Also contrary to WSRF without revision, the mean rating is higher to receive $40K when the Other’s salary is $42K (3.6) than when Your Salary is $52K and the Other’s salary is $62K (2.65), $t=9.76$ and $6.6$ in Repetitions 1 and 2, respectively. If one is paid less than others, it is apparently more satisfying to be closer to the top salary than to be farther below it. Experiment 1 therefore observed systematic violations of the WSRF model.

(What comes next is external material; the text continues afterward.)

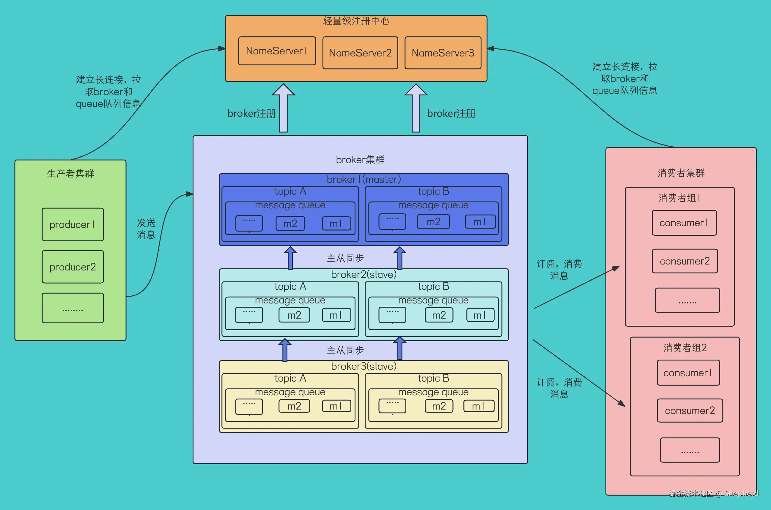 、topic、message queue和路由信息`等等,可集群部署。每个 Broker 在启动的时候会到 NameServer 注册,Producer 在发送消息前会根据 Topic 到 NameServer 获取到 Broker 的路由信息,Consumer 也会定时获取 Topic 的路由信息。 - Broker:消息中转角色,负责存储消息,转发消息。分为Master Broker和Slave Broker,一个Master Broker可以对应多个Slave Broker,但是一个Slave Broker只能对应一个Master Broker。Broker启动后需要完成一次将自己注册至Name Server的操作;随后每隔30s定期向Name Server上报Topic路由信息

Given these violations of the WSRF model, Experiment 2 was therefore designed to check the results, using different stimulus levels and different participants, and it also tested two other basic implications of WSRF theory: (1) the rank of Your Salary was manipulated holding the endpoints fixed and (2) the range of salaries was manipulated, holding rank of Your Salary fixed. Table A.3 shows the levels of the 12 by 3 design and the mean judgments of Experiment 2.

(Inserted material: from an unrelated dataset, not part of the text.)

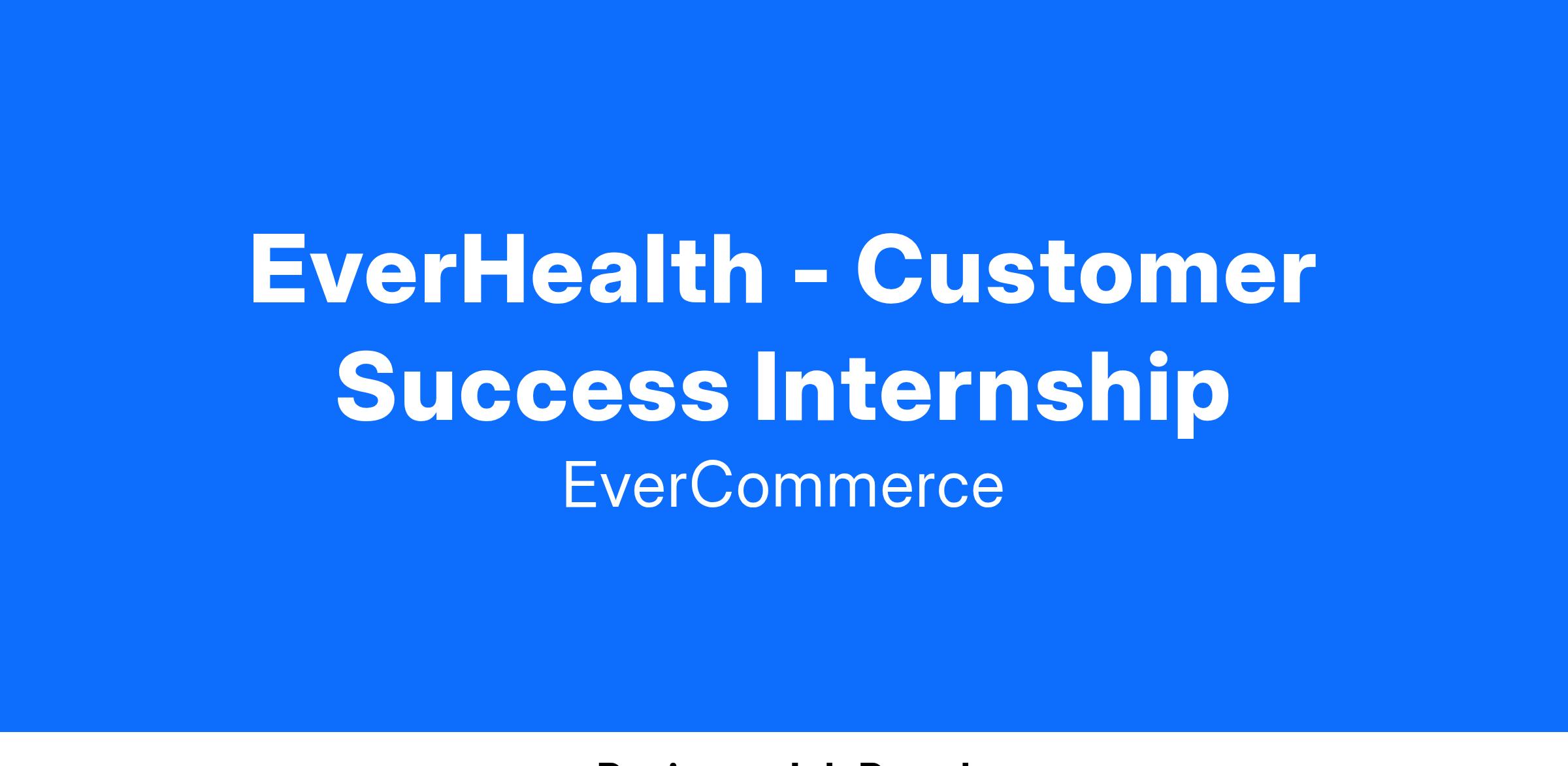 We are looking for a Summer Intern to serve on the EverHealth Customer Success team. Our mission is to build a technology platform that enables medical practices of all sizes to make care more informed, more personalized, more interactive, and more adaptable. EverHealth used by thousands of physicians who in turn have provided care to millions of patients. Our products can be completely tailored to any medical practice—small, large, or specialty. Our people and the enthusiasm for healthcare is contagious. As a Summer Intern you love giving best in class service to internal and external customers and are willing to help with the nitty gritty operational details. This role will report to the Head of Customer Success at EverHealth, but will work regularly with Managers across many of the solutions.

Table A.3 Mean judgments from Experiment 2

Note: Salaries in $ thousands/year.

During data collection for Experiment 2, it was decided to revise part of the design for Experiment 3. The endpoint manipulation was not symmetric in Experiment 2: the lower endpoints were $26K versus $40K but the upper endpoints were $52K versus $70K. So Experiment 3 used $20K–$40K and $52K–$72K, making them equal. Furthermore, it was realized that when endpoints are manipulated in contexts with just two others, the ranks and values would not be confounded as they were in the sub-design with 7 others; that is, the rank of a salary of $42K, $46K, or $50K will have the rank of second of three within any of the range conditions, whereas in the sets of 7 of Experiment 2, ranks increased with increasing value. Thus, the revised design (Experiment 3) was considered an improvement, so Experiment 3 replaced Experiment 2 until the end of the semester, when data collection ended.

Mean judgments for Experiments 2 and 3 are shown in Tables A.3 and A.4.

Table A.4 Mean judgments from Experiment 3

Note: Salaries in $ thousands/year.

The sub-design of Experiment 2 with positively and negatively skewed distributions (with 7 others) yields results very similar to those in Experiment 3, with a slightly greater effect of context in Experiment 2 than 3.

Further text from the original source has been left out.